Friday, February 6, 2009

Coal Gets a Beating

This week has been a tough one for the coal industry, from lawsuits, to activists, to state-wide moratoriums, coal has definitely taken it’s lumps.

8 coal companies in West Virginia are being sued by 250 local residents that say the orange and black water coming from their faucets is caused by the coal plants right down the road. The lawsuit claims that underground cracks allowed for the waste pumped back into coal mines to contaminate underground waterways.

Also in West Virginia, activists chained themselves to bulldozing equipment to protest the blasting of Coal River Mountain for a mountaintop removal operation.
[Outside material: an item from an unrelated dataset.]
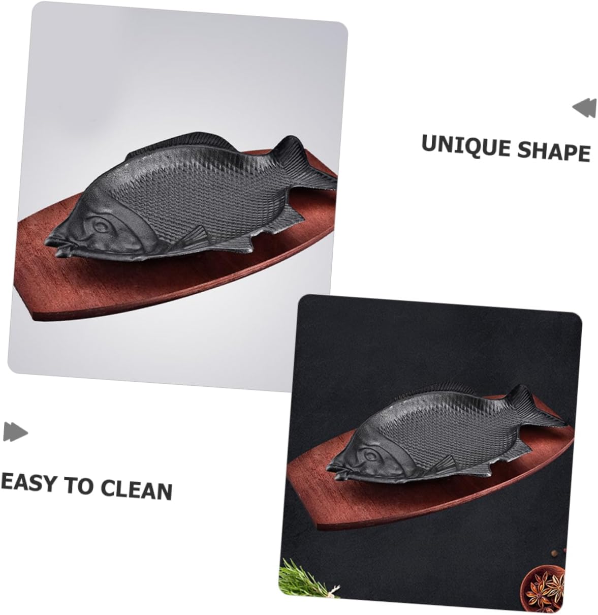 Package Include 1 x Plate 1 x wood tray Characteristics -Color:Multi fish shaped pan -Material:Iron, wood shrimp -Size: 40.00X18.00X3.50cm/15.72X7.07X1.38in iron Fish Plate -It comes with unique and decorative fish shape, which can give you special visual effect when eating fish Fish -This food serving plate is made from iron, wood material, which is heat-resistant and practical for the lasting use hot. -Iron Plate is not just a household dish, which can also be used in restaurant, coffee shop, dessert shop fajita. -Easy to clean, you can wash the iron plate with and hot water or place it into your dishwasher bruno. -This iron dish can be used for salad, dessert, steak, pasta, for daily and restaurant use set.Goods Informationpie dish The fine workmanship make this plate is decorative and , which will showcase your favorite foods.snack storage tray Its fish shape design makes it for serving fish.fish tray This is a household iron Plate, which is great as pastry plate, cake plate, salad plate, dessert plate and as vegetable plate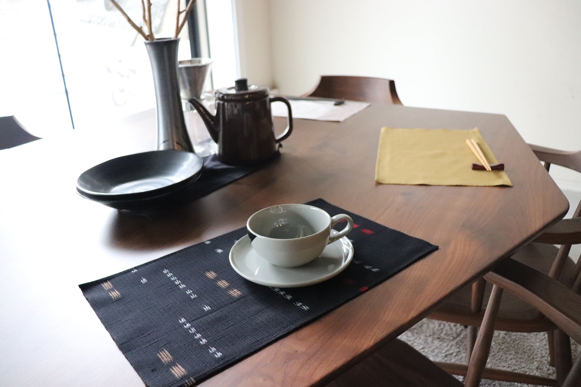 質感を活かしたテーブルが人気のニッポネアと、地域独自の生地を活かした現代風MONPEを作るうなぎの寝床、それぞれの「らしさ」活かしたアイテムが今回のプレースマット(ランチョンマット)です。気に入ったテーブルを、綺麗な状態で長く保ちたいという声はよく聞きます。しかし、ビニールマットではせっかくのテーブルの質感が台無しになってしまう。そこで、プレースマットをご用意したらいいのでは?という着想を起点にスタートしたプロジェクトです。また、せっかく作るのならストーリーがあるプロダクトにしたい、そう考えて今回、うなぎの寝床さんにお声がけさせていただきました。

The actions by the groups Climate Ground Zero and Appalachian Mountain Justice are an attempt to block Massey Energy's project and promote a wind farm at the site instead.
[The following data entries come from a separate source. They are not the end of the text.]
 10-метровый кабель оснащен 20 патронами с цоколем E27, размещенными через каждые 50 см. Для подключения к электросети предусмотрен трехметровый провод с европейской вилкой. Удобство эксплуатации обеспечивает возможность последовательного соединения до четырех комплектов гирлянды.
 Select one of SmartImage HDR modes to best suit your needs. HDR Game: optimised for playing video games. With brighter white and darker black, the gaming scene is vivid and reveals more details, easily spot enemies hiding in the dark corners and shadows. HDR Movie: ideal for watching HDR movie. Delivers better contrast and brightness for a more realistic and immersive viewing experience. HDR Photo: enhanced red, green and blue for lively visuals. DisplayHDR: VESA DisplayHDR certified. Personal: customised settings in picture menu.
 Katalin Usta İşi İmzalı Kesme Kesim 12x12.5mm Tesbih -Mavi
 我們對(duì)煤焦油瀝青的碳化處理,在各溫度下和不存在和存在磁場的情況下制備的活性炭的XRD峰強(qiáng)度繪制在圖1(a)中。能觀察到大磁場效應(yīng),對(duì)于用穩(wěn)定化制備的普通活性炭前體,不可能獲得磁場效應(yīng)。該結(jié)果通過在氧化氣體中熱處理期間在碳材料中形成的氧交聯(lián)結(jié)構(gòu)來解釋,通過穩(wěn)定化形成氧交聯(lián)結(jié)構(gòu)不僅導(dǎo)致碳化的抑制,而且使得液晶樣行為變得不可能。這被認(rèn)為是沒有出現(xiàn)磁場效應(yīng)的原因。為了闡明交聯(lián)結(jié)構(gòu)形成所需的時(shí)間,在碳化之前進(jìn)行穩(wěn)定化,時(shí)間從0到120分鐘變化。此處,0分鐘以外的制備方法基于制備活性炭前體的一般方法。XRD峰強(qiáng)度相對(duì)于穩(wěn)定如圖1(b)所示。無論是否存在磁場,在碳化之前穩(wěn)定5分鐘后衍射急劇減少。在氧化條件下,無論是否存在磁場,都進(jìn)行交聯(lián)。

In Georgia state legislatures introduced House Bill 276 that would prevent the consumption of coal mined by use of mountain top removal, and would suspend permits filed before July 2009 to build new coal-fired generation.

Michigan Governor Jennifer Granholm in her State of the State address this past Tuesday, called for a move away from coal-fired power plants as an energy source. As a result her new policies will delay the 8 plants that have been proposed in her state. The Governor also hopes to rejuvenate the state’s struggling economy by “nurturing a ‘Green Energy’ industry.”

Across the nation coal is literally becoming a dirty word. It’s no longer just the “hippy dippy granola eaters” up in arms about saving our environment, but it’s now the suburbanites, landowners, and even politicians leading the fight. The nation is slowly waking up to the future that coal has in store for us, and is realizing that it’s not as pretty as once projected.